Slip pertama di sofa

Pada awal abad kedua Masehi, pada saat Romawi memerintah Mediterania, satiris Yunani, penyair dan pengacara Lucien de Samosset sudah mempertanyakan fenomena ini. Di antara sekitar delapan puluh artikel dan dialog yang tersisa dari penulis nakal ini (dia juga seorang pengikut tipuan dan pilihan sastra), teksnya Terpeleset saat berlutut Ini merupakan upaya pertama yang diketahui dalam analisis kupon.
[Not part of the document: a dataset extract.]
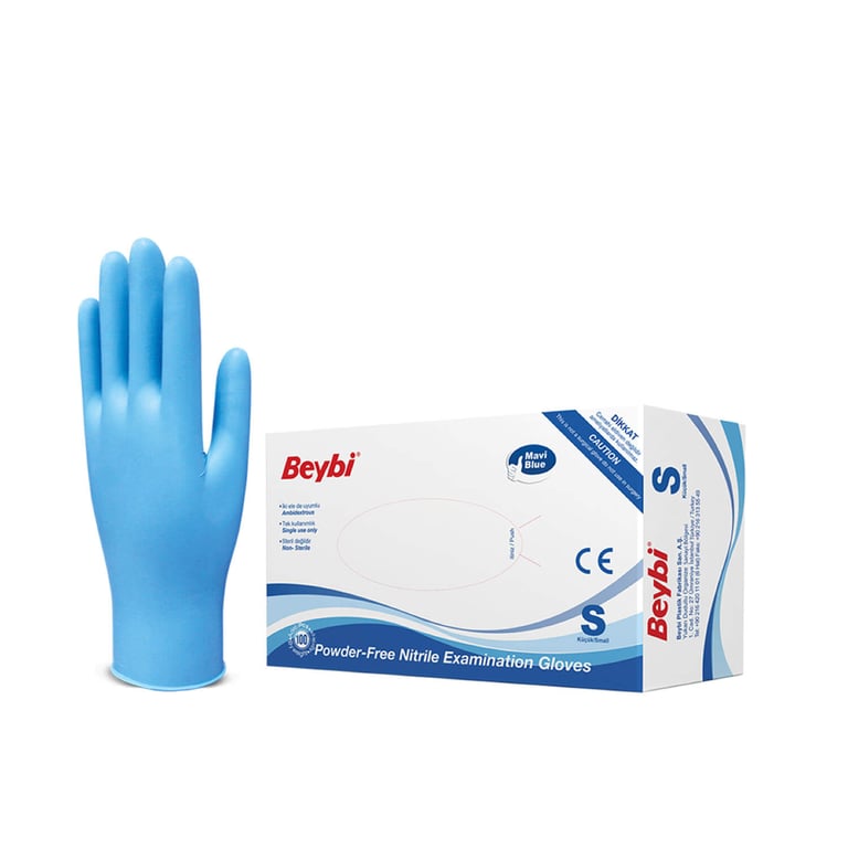 Beybi Pudrasız Nitril Muayene Eldiveni S Beden Mavi 100'lü

Dia menceritakan apa yang tampak seperti kesalahan fatal: Dia ingin memberi hormat kepada karakter penting, mengiriminya formula Huggin (“Baik-baik saja”, “Kesehatan ada padamu”), alih-alih Bagus (“Sukacita atasmu”, “Bergembiralah”). Kesalahan fatal! Salam pertama lebih banyak digunakan di malam hari, atau untuk mengucapkan “selamat tinggal”, sedangkan salam kedua lebih sering dilakukan di pagi hari atau siang hari. Singkatnya, seolah-olah Lucian mengucapkan “selamat tinggal” atau “selamat malam” kepada bosnya ketika dia tiba di kantor pagi-pagi sekali, “cara yang aneh untuk menyapa” memang, terutama karena Kekaisaran Romawi tidak bercanda dengannya. standar adat dan pembalikan ini juga dapat dianggap Tidak Hormat.

READ  Benarkah efek samping vaksin Covid lebih kuat dengan suntikan kedua?

Berbicara kepada lawan bicaranya yang terhormat, Lucian dengan heroik mencoba menjelaskan dan bahkan membenarkan kesalahannya yang tidak menguntungkan. Jika dia mulai menuduh Setan melakukan transformasi yang buruk, dia kemudian datang untuk berterima kasih kepada para dewa atas kesalahannya yang tidak disengaja: bagaimanapun juga, “menjadi baik” lebih baik daripada “bersukacita”, karena “kesehatan adalah yang pertama” menurut banyak orang. penulis kuno dan ini diinginkan tidak hanya di malam hari, tetapi di semua jam sepanjang hari! Selain itu, ia berpendapat bahwa gengsi lawan bicaranya memenuhi dirinya dengan keinginan untuk terlihat baik di depannya, yang mendorongnya untuk memilih salut “lebih baik”.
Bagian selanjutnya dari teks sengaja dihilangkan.